● **Task directions**
An exact copy, beginning at the line containing "Heliocaren tuotteet ehkäisevät" and ending at the final line of the records that follow, is the answer; it has no pictures and no other text.
Top of Data to examine
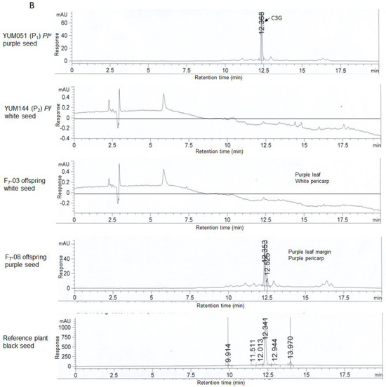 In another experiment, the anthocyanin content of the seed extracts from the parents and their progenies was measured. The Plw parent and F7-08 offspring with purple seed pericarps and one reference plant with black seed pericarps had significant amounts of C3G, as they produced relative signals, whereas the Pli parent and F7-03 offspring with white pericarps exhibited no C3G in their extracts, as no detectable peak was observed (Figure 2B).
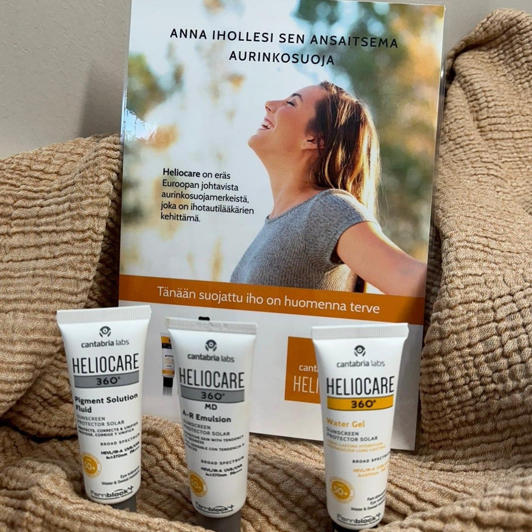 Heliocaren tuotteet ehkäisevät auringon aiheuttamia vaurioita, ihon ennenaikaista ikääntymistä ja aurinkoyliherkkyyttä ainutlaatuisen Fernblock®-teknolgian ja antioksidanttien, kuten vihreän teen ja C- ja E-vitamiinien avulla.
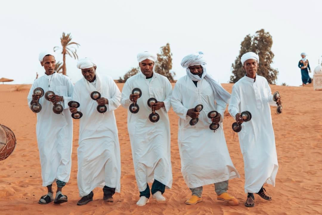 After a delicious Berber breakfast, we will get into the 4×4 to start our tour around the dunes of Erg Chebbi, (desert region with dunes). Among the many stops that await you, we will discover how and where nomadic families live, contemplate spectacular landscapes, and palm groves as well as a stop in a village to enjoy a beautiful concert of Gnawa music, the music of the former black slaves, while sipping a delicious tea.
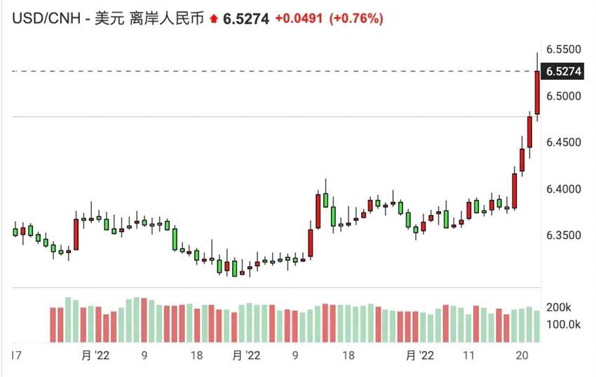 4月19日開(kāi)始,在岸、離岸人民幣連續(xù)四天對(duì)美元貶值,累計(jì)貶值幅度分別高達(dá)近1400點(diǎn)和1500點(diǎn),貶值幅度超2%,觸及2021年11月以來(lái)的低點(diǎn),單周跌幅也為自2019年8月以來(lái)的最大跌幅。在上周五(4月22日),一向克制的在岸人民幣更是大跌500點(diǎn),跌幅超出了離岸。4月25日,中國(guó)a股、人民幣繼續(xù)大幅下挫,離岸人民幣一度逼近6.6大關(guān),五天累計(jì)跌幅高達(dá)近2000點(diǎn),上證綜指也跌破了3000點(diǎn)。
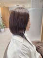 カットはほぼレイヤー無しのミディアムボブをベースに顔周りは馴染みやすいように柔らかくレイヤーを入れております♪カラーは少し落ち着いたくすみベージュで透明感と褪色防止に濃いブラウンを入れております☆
Bottom of Data to examine
● **Finished exercise**
 Heliocaren tuotteet ehkäisevät auringon aiheuttamia vaurioita, ihon ennenaikaista ikääntymistä ja aurinkoyliherkkyyttä ainutlaatuisen Fernblock®-teknolgian ja antioksidanttien, kuten vihreän teen ja C- ja E-vitamiinien avulla.
 After a delicious Berber breakfast, we will get into the 4×4 to start our tour around the dunes of Erg Chebbi, (desert region with dunes). Among the many stops that await you, we will discover how and where nomadic families live, contemplate spectacular landscapes, and palm groves as well as a stop in a village to enjoy a beautiful concert of Gnawa music, the music of the former black slaves, while sipping a delicious tea.
 4月19日開(kāi)始,在岸、離岸人民幣連續(xù)四天對(duì)美元貶值,累計(jì)貶值幅度分別高達(dá)近1400點(diǎn)和1500點(diǎn),貶值幅度超2%,觸及2021年11月以來(lái)的低點(diǎn),單周跌幅也為自2019年8月以來(lái)的最大跌幅。在上周五(4月22日),一向克制的在岸人民幣更是大跌500點(diǎn),跌幅超出了離岸。4月25日,中國(guó)a股、人民幣繼續(xù)大幅下挫,離岸人民幣一度逼近6.6大關(guān),五天累計(jì)跌幅高達(dá)近2000點(diǎn),上證綜指也跌破了3000點(diǎn)。
 カットはほぼレイヤー無しのミディアムボブをベースに顔周りは馴染みやすいように柔らかくレイヤーを入れております♪カラーは少し落ち着いたくすみベージュで透明感と褪色防止に濃いブラウンを入れております☆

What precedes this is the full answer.